Les solutions optiques pour corriger et freiner la progression
Les lunettes à verres simples corrigent la vision mais n'agissent pas sur l'évolution de la myopie. Elles restent la solution de base pour les faibles corrections et pour les enfants qui ne supportent pas d'autres dispositifs. Les verres progressifs ou les verres à double foyer ont montré des résultats modestes chez certains enfants, mais leur efficacité varie selon les individus.
Les verres de contact souples multifocaux, utilisés chez les enfants plus âgés, proposent une autre approche. Leur optique crée une défocalisation périphérique qui ralentit la croissance axiale de l'œil. Les lentilles rigides perméables à l'oxygène, utilisées pendant la nuit dans le cadre de l'orthokératologie, aplatissent temporairement la cornée pour offrir une vision nette le jour. Cette technique, qui nécessite un suivi rigoureux, a démontré une capacité à ralentir la progression chez certains enfants, mais elle présente des risques infectieux si l'hygiène n'est pas parfaite.
Les verres correcteurs spéciaux, commercialisés sous différentes marques, combinent une correction centrale et des micro-lentilles périphériques. Les essais cliniques rapportent une réduction de la progression de l'ordre de 60 % par rapport à des verres simples, avec des variations selon les études. Le choix entre ces options dépend de l'âge de l'enfant, de sa maturité pour manipuler des lentilles et de l'observance parentale.
Les traitements médicamenteux et le suivi ophtalmologique
L'atropine à faible dose (0,01 %) est utilisée dans certains pays comme traitement freinateur. Ce collyre, administré quotidiennement, agit sur les récepteurs muscariniques de la rétine et réduit la progression myopique. Ses effets secondaires à cette dose sont limités, mais une sensibilité à la lumière et une vision de près légèrement floue peuvent apparaître chez certains enfants. Ce traitement n'est pas systématiquement prescrit et fait l'objet d'une évaluation individualisée.
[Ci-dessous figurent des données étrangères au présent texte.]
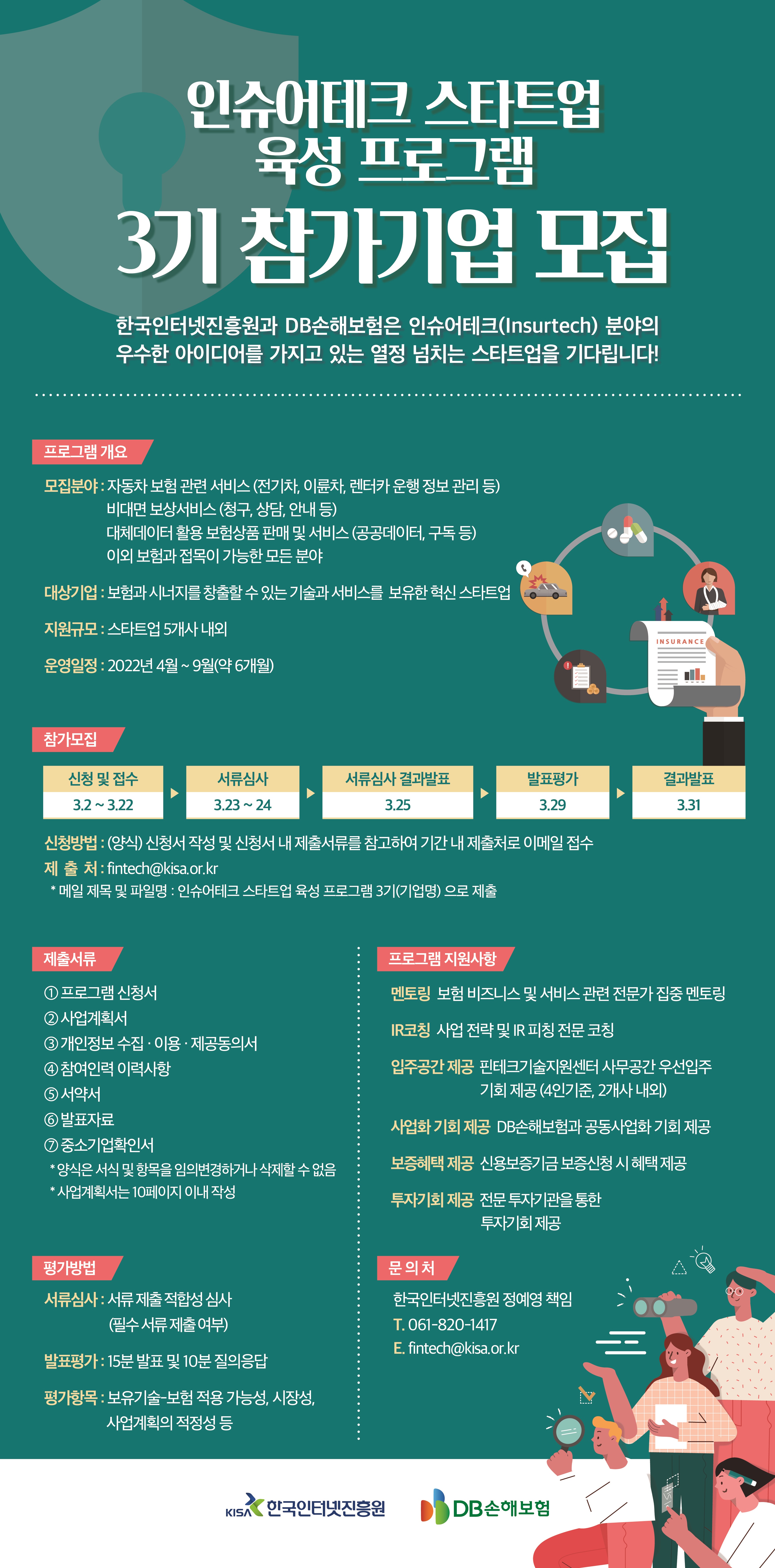 DB손해보험과 KISA는 2022년에도 보험 비즈니스에 기반을 둔 유망 스타트업을 발굴해서 지원할 예정입니다. 이번 3기에서는 전기차나 렌터카 등 자동차 관련 서비스 플랫폼, 상담이나 청구 등 비대면 보상 서비스, 대체데이터를 활용한 보험상품 판매 및 서비스를 하는 스타트업을 모집하며, 이외에도 보험과 접목이 가능한 혁신적인 기술과 서비스를 가진 스타트업은 누구나 지원이 가능합니다.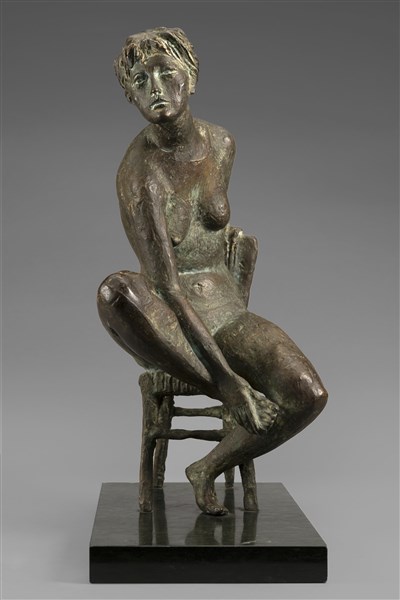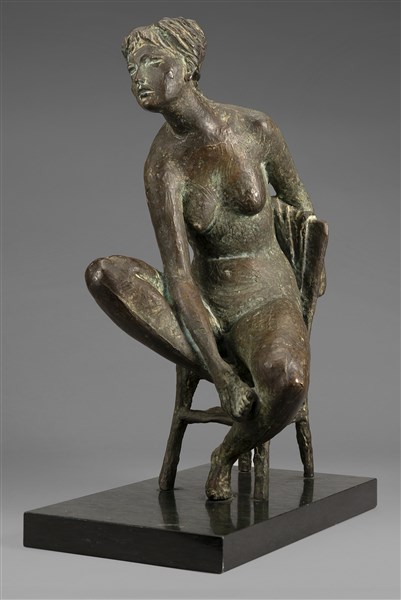Eros Pellini "La modella" scultura in bronzo (h cm 32) poggiante su base in mar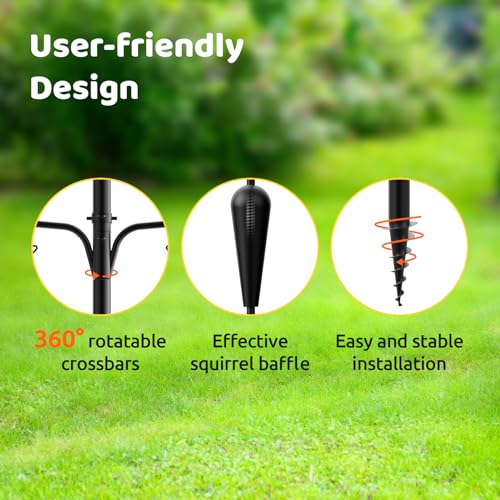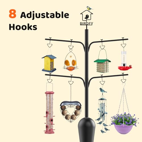 Birdfy Pole -Bird Feeders Hanging Station, Full-Metal Bird Feeding Station, Patented Squirrel-Proof Baffle, Bird Feeder Stand Heavy Duty Pole, 8 Adjustable Hangers, Rust-Resistant, Tools-Free Install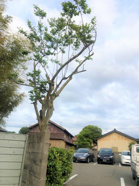 なので今日は若手社員さんが駐車場の木を剪定してくれました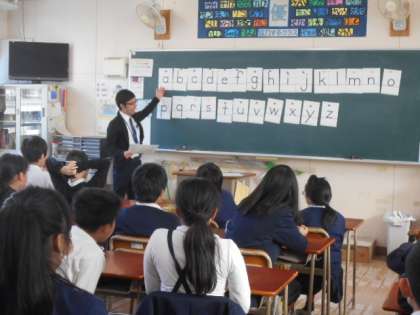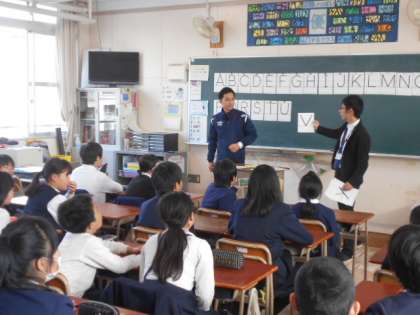 写真は2組の英語の出前授業の様子です。発音を重視した授業の進め方で、2人の先生が1人ひとりを丁寧に見てくださっていました。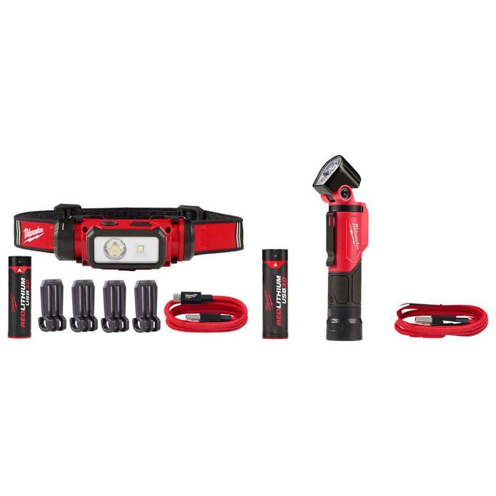 Milwaukee 600 Lumens LED REDLITHIUM Hard Hat Headlamp + 500 Lumens Pivoting REDLITHIUM USB Flashlight Kit (Model 2163-21/2113-21)

Le suivi ophtalmologique régulier est indispensable, quelle que soit l'option choisie. Un contrôle annuel permet de mesurer l'évolution de la réfraction et d'ajuster la correction. Chez les enfants dont la myopie progresse rapidement, un contrôle semestriel peut être proposé. La mesure de la longueur axiale de l'œil, réalisée par biométrie, constitue un indicateur plus fiable que la seule acuité visuelle pour évaluer l'efficacité d'un traitement.
La décision d'instaurer un traitement freinateur se prend en concertation entre l'ophtalmologiste, l'enfant et ses parents. Elle tient compte de l'âge de début, de la vitesse de progression constatée et des antécédents familiaux de forte myopie. Aucune solution ne convient à tous les enfants, et certaines combinaisons, comme des verres spéciaux associés à du temps extérieur, sont parfois recommandées.
Les limites des approches actuelles méritent d'être soulignées. Aucune méthode ne fait régresser une myopie déjà installée. Les traitements disponibles ralentissent la progression mais ne l'arrêtent pas complètement. La prévention par le temps extérieur est efficace avant l'apparition de la myopie, mais son impact diminue une fois le trouble installé. L'observance des traitements sur plusieurs années constitue un défi pratique pour les familles.
La recherche clinique explore d'autres pistes, comme des verres à conception optique plus avancée ou des combinaisons thérapeutiques. Les recommandations évoluent à mesure que les études de suivi à long terme publient leurs résultats. Les parents sont invités à discuter des bénéfices et des risques de chaque option avec un professionnel de santé visuelle, en tenant compte des particularités de leur enfant.